Toplantı bittikten birkaç saat sonra, Trump, Kanada Başbakanının basın toplantısında sözlerine kızarak, G7 ortak bildirisinden çekildiğini açıkladı. Hukuken bu çekilmeyi nasıl yapacak sorusunu bir yana, Trump, böylece G7 toplantısını “halletti”.
G7 bu hale düşerken, Şangay İşbirliği Örgütü Doruk toplantısı başlamıştı. Sanki Doğu, Batıya nanik yapıyordu. Dünya ekonomisinin nerdeyse yarısı şimdilik G7’de. Ancak, Çin ve Hindistan gelişmelerini sürdürürlerse birkaç on yıl içinde Şangaycılar dünya ekonomisinin yüzde kırkını temsil ediyor olacaklar.
Şangay Örgütünün bir yandan Hindistan ile Pakistan’ı, öbür yandan gene Hindistan ile Çin’i biraraya getirmesi Asya barışı bakımından önemli. Ancak bu örgütün somut işbirliği bakımından güçlenmesi daha çok zaman ister. Örneğin, Hindistan, ortak bildiride Çin’in “bir kuşak, bir yol” projesine destek veren paragrafına katılmadı. Bunun ilk görünen gerekçesi, Kaşgar ile Gwadar (Pakistan) arasında inşa edilen yol. Bu gerekçe bir yana, stratejik olarak daha çok Çin’in işine yarayacak bir projeye Hindistan’ın, hattâ Rusya’nın candan destek vermeleri beklenmemeli.
Şangay ortak bildirisini G7 bildirisiyle karşılaştırınca bir bakıma Batı ile Doğu arasındaki farkları da görüyorsunuz. Değerlere vurgu yönünden Şangay bildirisinin daha zayıf olduğunu söylemeye gerek yok. Kimyasal silah kullanımının önlemesi konusunda da fark var. Kimyasal silah kullanımının cezasız bırakılmaması için kurulmuş olan uluslararası işbirliği forumuna Şangay takımından hiç bir ülke henüz üye olmadı galiba (Türkiye üye, doğrusu da bu).
Öte yandan, uluslararası ticaret konusunda iki bildiri benzeş. İki bildiride de korumcalık “reddediliyor”. Ancak, Şangaycılar arasında bir Trump yok. Dolayısıyla onların söylemi G7’ye kıyasla daha inandırıcı. Bir zamanlar Batı emperyalizmine karşı korumacılığı, ulusalcı politikaları savunan ülkelerin şimdi tam tersini yapmaları, küreselleşmeden en çok yararlananlar haline gelmeleri tarihin yeni bir cilvesi...

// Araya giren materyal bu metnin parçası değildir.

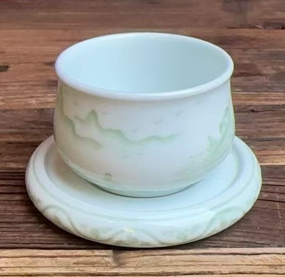 名称:清乾隆绿彩山水纹盏托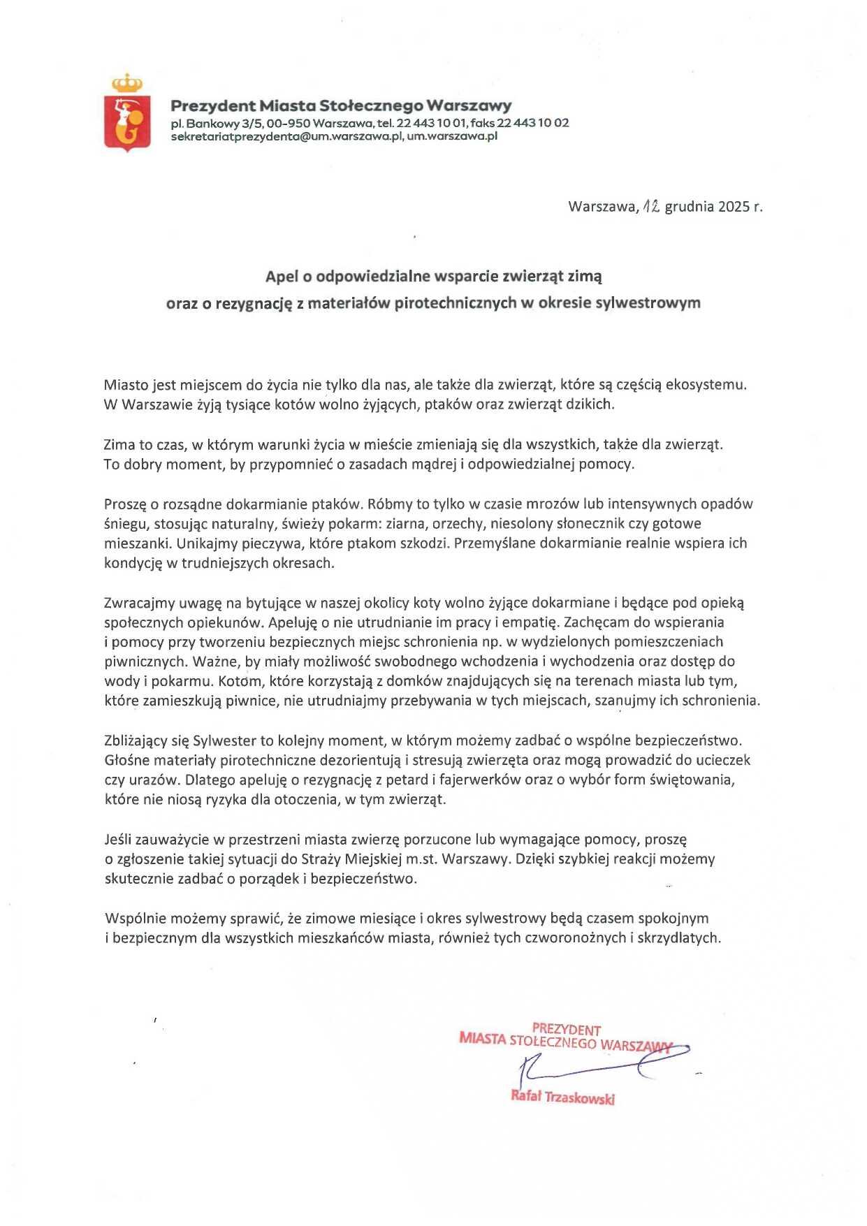 „Wspólnie możemy sprawić, że zimowe miesiące i okres sylwestrowy będą czasem spokojnym i bezpiecznym dla wszystkich mieszkańców miasta, również tych czworonożnych i skrzydlatych” – podkreśla Prezydent m.st. Warszawy Rafał Trzaskowski.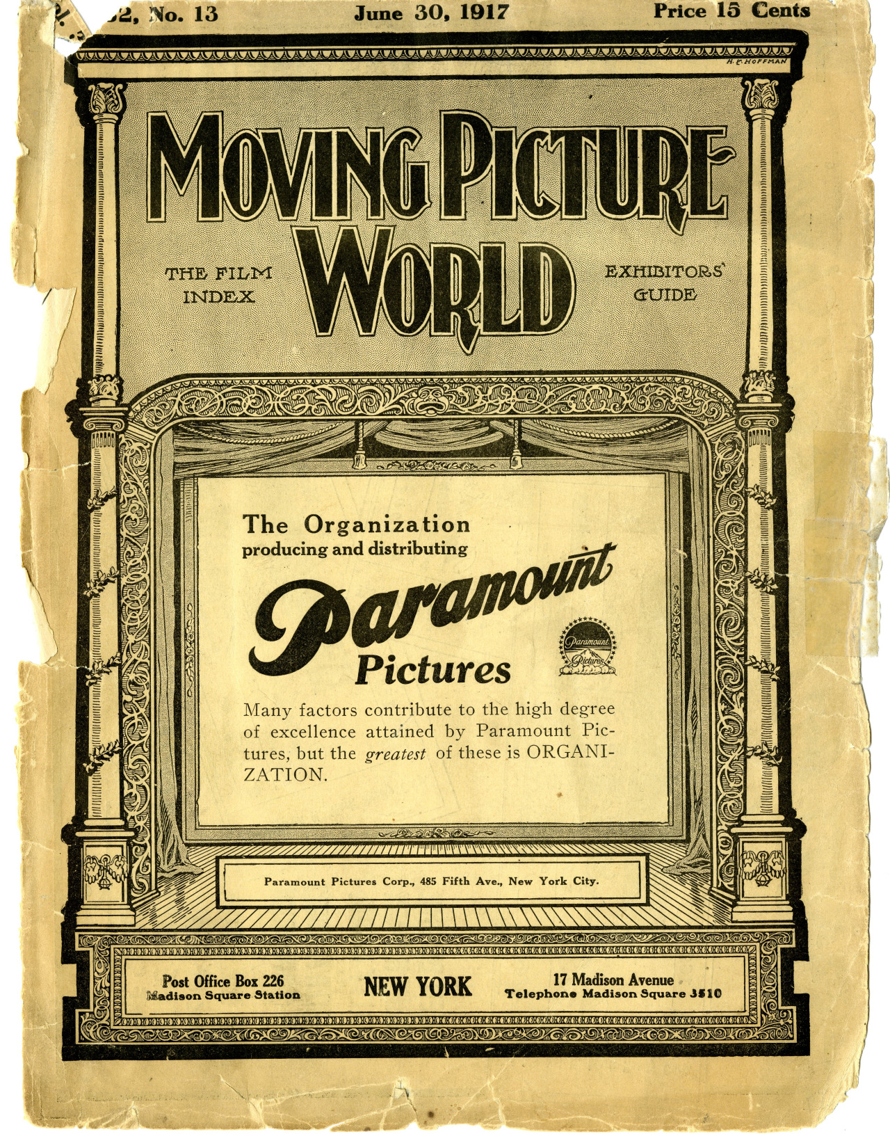 James Petrie (J.P.) Chalmers, Jr and was targeted to film exhibitors. The issue’s articles focus on distribution rights and options, reflecting the early needs of theatre and movie house owners. Later periodicals marketed to film exhibitors would focus more heavily on the viewing experience, but in 1917 there was a bigger focus on securing the films themselves!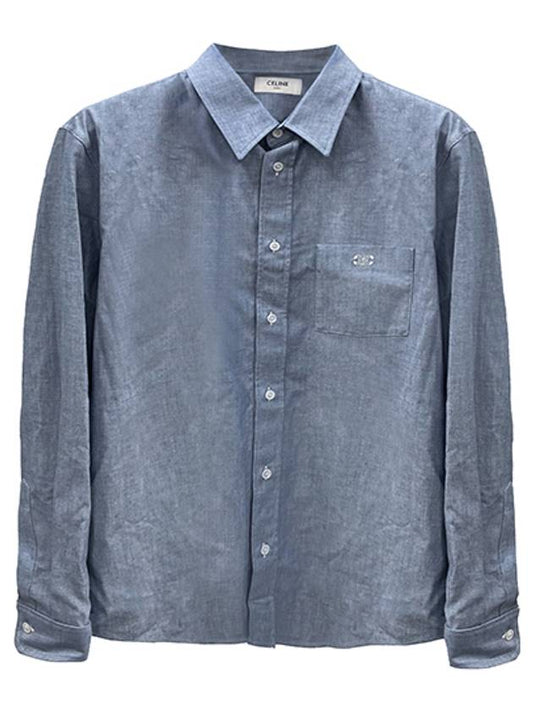 CELINE Rouge Light Chambray Cotton Long Sleeve Shirt Blue

Bilmiyorum, bu konuları Türkiye’de ne kadar yakından izleniyor. Birkaç ay önce, bir okurdan aldığım mesajda, Türkiye’de bir çok konu varken dış dünya ile ilgilendiğim için güçlü ifadelerle eleştirilmiştim. Bazen düşünüyorum da, dış dünya, sanki bizim dışımızda dönen ayrı bir dünya. Biz de kendi dünyamızda “dön baba dönelim” oynuyoruz. Rahmetli Haldun Taner’in “devekuşu” imgesi temelsiz değil galiba. Umarız seçimlerden sonra küresel aktör yönü daha güçlü bir Türkiye görürüz.